In Which I Am Perturbed by Kenneth Rogoff’s Even-Handed Hippie- and Austerian-Punching: Early Thursday Focus on Wednesday

More and more these days, I find myself perturbed when I read Kenneth Rogoff. The models he uses are the models that he built and the models that seem to me to make the most sense. But I repeatedly find him making judgments about how the models apply to the real world that I cannot follow.

For today’s example…

Kenneth Rogoff: More Facts and Less Populism: “When the US Treasury recently added its voice to the chorus of critics of Germany’s chronic current-account surplus…

…it underscored the deep disagreement over what, if anything, should be done about it. The critics want Germany to increase its contribution to global demand by importing more and exporting less. The Germans view the maintenance of strong balance sheets as essential to their country’s stabilizing role in Europe…. The debate has too often been informed more by ideology than facts….

So we start with a standard warm-up exercise: the staking-of-the-claim that he is a reality-based technocrat and that those who disagree are ignorant, or ideologically blinded…

Ken continues:

During the first half of the 2000’s, US policymakers chose not to worry about sustained current-account deficits, which peaked at above 6% of GDP. They argued at first that the deficits merely reflected the world’s attraction to superior US investment opportunities, an odd position given that the US was not growing especially quickly compared to emerging markets. Later, academic researchers identified more plausible reasons why the US might be able to run large deficits without great risk, as long as investors’ desire for diversification, safety, and liquidity sustained global demand for US assets. But policymakers should have recognized that even these better rationales had limits, and that massive sustained current-account deficits are often a blinking red signal of deeper problems–in this case, over-borrowing by households to finance home purchases…

And here I say: “Huh?!”

As Helene Rey, Pierre-Olivier Gourinchas, and many others have taught us, the US current account deficits of the 2000s were–quite surprisingly–not accompanied by any substantial deterioration of the U.S. global net asset position. Investors in the US received relatively low returns, probably because what they were purchasing was A form of political risk insurance rather than seeking risk-adjusted return. With the worry that global in balances were creating an unsustainable path for the US net asset position that would lead to an inevitable dollar crash and dollar crisis off the table, worries about global imbalances were reduced to the worry that when rebalancing took place it would produce high structural unemployment as the U.S. would be unable to rapidly and smoothly move workers out of consumption goods, domestic construction, and other investment sectors into exports. That worry also proved false through 2008: the U.S. was having no trouble moving workers and resources from sector to sector–until the crash.

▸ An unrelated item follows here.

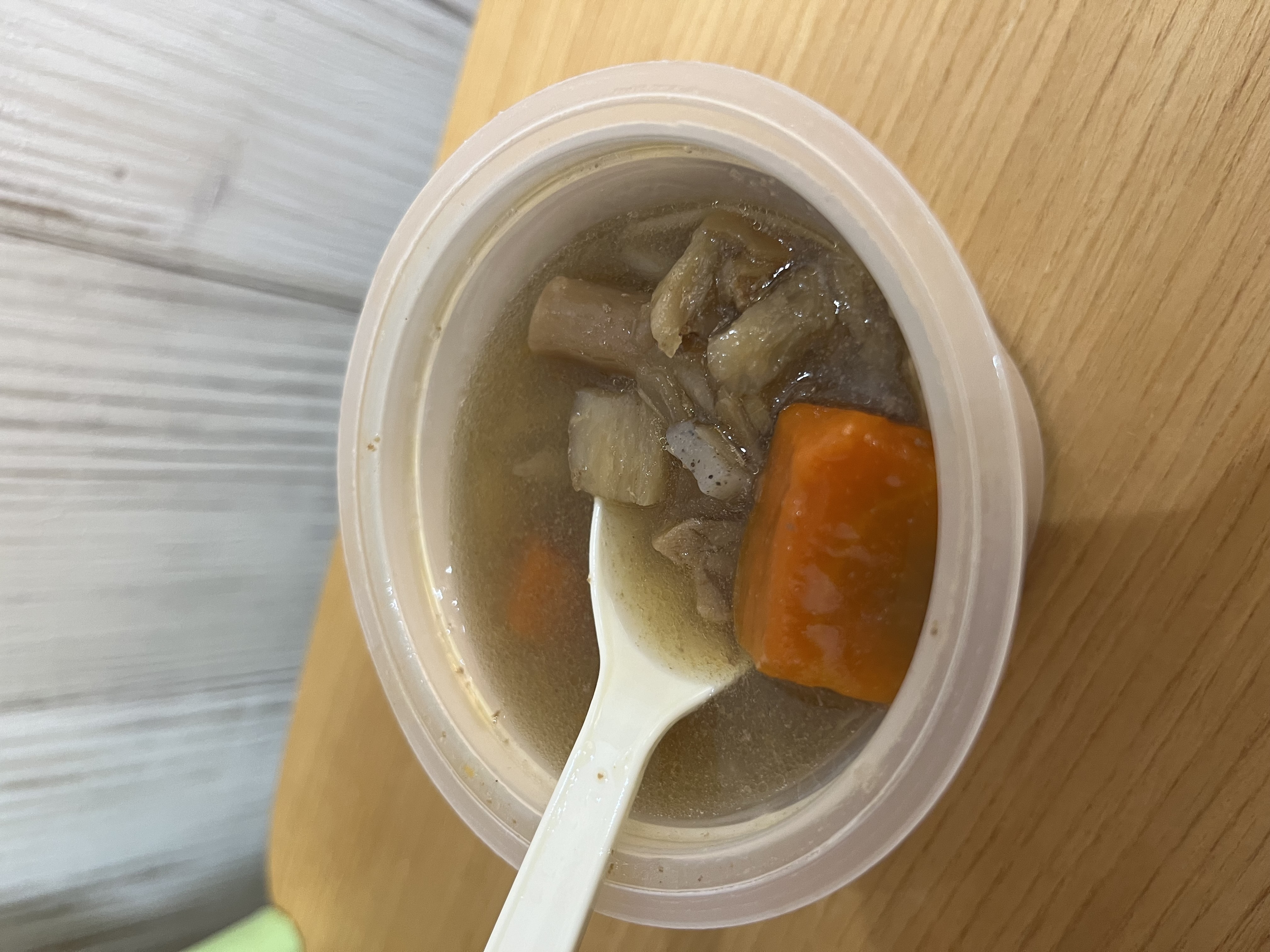 さらに個人的に驚いたのがショウガ!ショウガのスープというと、味がするな~くらいのものが多いのですが、こちらのショウガはシャキシャキ感がしっかり感じられる!商品名に生姜と書いてあるだけあるなと思いました。

So can Rogoff pulls out a third hindsight-driven reason to ex-post fear the global imbalance that was the US trade deficit in the early 2000s: that it was fueling “over-borrowing by households to finance home purchases”. And, yes, there was overborrowing and overbuilding:

But the amount of overbuilding was small in context: $1 trillion more of housing built than trend growth would have predicted, and the value of that housing was substantial–total losses by homebuyers, homebuilders, and those who financed them amounted to $500 billion at most in the collapse of the housing bubble, compared to the $4 trillion of real communications, hardware, and software company value destroyed in the collapse of the dot-com bubble. In a $50 trillion/year global economy with $200 trillion of real asset values, a $500 billion loss is a bad day on the stock market, not a grave imbalance that should take down the global economy for a decade.

The housing crash did, but not because the magnitude of the overbuilding was large–not because of “over-borrowing” by feckless households. Rather, it was overleverage by feckless bankers that did it–yet that is not something that Rogoff mentions.

So then, having written something that I cannot avoid seeing as getting the source of the current U.S. (and global!) depression wrong, Ken turns to Germany:

In the case of Germany, of course, we are talking about surpluses, not deficits…. The issue is not simply Germany… [also the] Netherlands, Switzerland, Sweden, and Norway…. But what is the cause, and is it related to policy? Certainly, no one can criticize northern Europe for exchange-rate undervaluation…. Keynesians look at these surpluses and say that the northern European countries should drive them down by running much larger fiscal deficits to boost domestic demand. They have a point, but they grossly overstate the case. Many studies have shown that changes in private savings and investment tend to offset partly the current-account effects of higher fiscal deficits…. Demand spillovers from German fiscal policy to Europe are likely to be modest, particularly in the eurozone’s troubled countries, like Greece and Portugal. Germany trades with the entire world…

And I want to say: wait a minute. If the studies Ken is referring to are the studies I know, they study economies far from the zero nominal lower bound on interest rates in which there is full or near-full monetary offset to neutralize effects of changes in fiscal policy on aggregate demand. Investment typically rises when fiscal deficits fall because central banks lower interest rates in order to make it so. Savings rise when fiscal deficits fall because much of the change in deficits takes the form of changes in taxes, and the marginal propensity to save out of income is not small.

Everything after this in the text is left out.